▸ **INFORMATION SHOWN**:
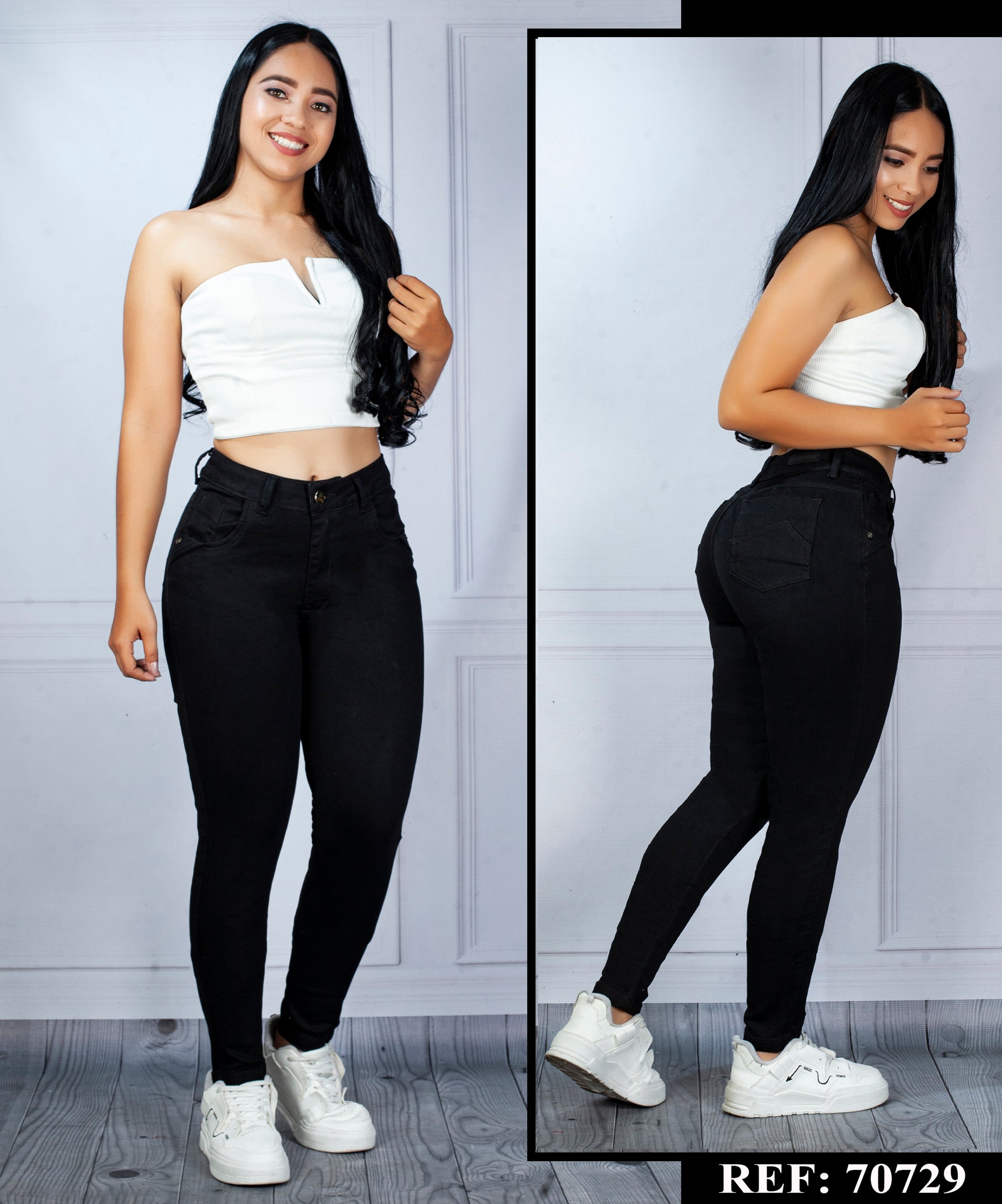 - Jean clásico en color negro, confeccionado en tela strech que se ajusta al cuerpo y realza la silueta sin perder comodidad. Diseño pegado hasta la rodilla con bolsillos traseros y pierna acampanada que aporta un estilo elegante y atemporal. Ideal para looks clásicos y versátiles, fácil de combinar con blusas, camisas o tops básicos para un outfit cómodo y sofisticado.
---
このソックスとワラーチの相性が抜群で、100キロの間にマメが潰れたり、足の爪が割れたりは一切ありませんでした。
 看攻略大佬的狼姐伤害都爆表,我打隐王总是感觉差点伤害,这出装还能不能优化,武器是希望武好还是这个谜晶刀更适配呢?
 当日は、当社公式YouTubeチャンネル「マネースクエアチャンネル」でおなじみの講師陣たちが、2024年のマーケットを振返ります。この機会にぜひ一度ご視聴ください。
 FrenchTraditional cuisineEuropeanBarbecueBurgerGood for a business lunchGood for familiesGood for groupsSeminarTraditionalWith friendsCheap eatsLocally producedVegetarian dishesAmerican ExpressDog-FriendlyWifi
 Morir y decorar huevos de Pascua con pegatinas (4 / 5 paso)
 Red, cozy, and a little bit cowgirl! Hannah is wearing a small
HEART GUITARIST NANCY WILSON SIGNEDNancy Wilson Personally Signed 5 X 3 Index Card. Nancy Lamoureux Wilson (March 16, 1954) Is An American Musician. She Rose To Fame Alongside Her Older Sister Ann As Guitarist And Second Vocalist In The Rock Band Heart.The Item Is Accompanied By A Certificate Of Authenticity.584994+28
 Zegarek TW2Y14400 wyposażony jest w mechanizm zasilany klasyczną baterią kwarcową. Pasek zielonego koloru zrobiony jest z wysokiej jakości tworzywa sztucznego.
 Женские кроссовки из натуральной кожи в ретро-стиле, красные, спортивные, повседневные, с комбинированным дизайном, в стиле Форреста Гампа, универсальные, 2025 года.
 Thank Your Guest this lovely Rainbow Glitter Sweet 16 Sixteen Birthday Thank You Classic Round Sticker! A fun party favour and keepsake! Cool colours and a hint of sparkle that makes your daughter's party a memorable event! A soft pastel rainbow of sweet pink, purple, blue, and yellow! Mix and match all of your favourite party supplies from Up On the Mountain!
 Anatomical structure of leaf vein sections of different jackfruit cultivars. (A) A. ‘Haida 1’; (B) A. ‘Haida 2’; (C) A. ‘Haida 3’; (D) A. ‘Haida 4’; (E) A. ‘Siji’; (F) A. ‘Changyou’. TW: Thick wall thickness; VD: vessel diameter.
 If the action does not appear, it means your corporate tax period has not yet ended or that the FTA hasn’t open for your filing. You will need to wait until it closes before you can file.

▸ **PROBLEM DETAILS**: Could you set down, exactly as written, the lines above between the one holding "このソックスとワラーチの相性" and the one holding "If the action", inclusive, and nothing more?

▸ **YOUR RESPONSE**:
このソックスとワラーチの相性が抜群で、100キロの間にマメが潰れたり、足の爪が割れたりは一切ありませんでした。
 看攻略大佬的狼姐伤害都爆表,我打隐王总是感觉差点伤害,这出装还能不能优化,武器是希望武好还是这个谜晶刀更适配呢?
 当日は、当社公式YouTubeチャンネル「マネースクエアチャンネル」でおなじみの講師陣たちが、2024年のマーケットを振返ります。この機会にぜひ一度ご視聴ください。
 FrenchTraditional cuisineEuropeanBarbecueBurgerGood for a business lunchGood for familiesGood for groupsSeminarTraditionalWith friendsCheap eatsLocally producedVegetarian dishesAmerican ExpressDog-FriendlyWifi
 Morir y decorar huevos de Pascua con pegatinas (4 / 5 paso)
 Red, cozy, and a little bit cowgirl! Hannah is wearing a small
HEART GUITARIST NANCY WILSON SIGNEDNancy Wilson Personally Signed 5 X 3 Index Card. Nancy Lamoureux Wilson (March 16, 1954) Is An American Musician. She Rose To Fame Alongside Her Older Sister Ann As Guitarist And Second Vocalist In The Rock Band Heart.The Item Is Accompanied By A Certificate Of Authenticity.584994+28
 Zegarek TW2Y14400 wyposażony jest w mechanizm zasilany klasyczną baterią kwarcową. Pasek zielonego koloru zrobiony jest z wysokiej jakości tworzywa sztucznego.
 Женские кроссовки из натуральной кожи в ретро-стиле, красные, спортивные, повседневные, с комбинированным дизайном, в стиле Форреста Гампа, универсальные, 2025 года.
 Thank Your Guest this lovely Rainbow Glitter Sweet 16 Sixteen Birthday Thank You Classic Round Sticker! A fun party favour and keepsake! Cool colours and a hint of sparkle that makes your daughter's party a memorable event! A soft pastel rainbow of sweet pink, purple, blue, and yellow! Mix and match all of your favourite party supplies from Up On the Mountain!
 Anatomical structure of leaf vein sections of different jackfruit cultivars. (A) A. ‘Haida 1’; (B) A. ‘Haida 2’; (C) A. ‘Haida 3’; (D) A. ‘Haida 4’; (E) A. ‘Siji’; (F) A. ‘Changyou’. TW: Thick wall thickness; VD: vessel diameter.
 If the action does not appear, it means your corporate tax period has not yet ended or that the FTA hasn’t open for your filing. You will need to wait until it closes before you can file.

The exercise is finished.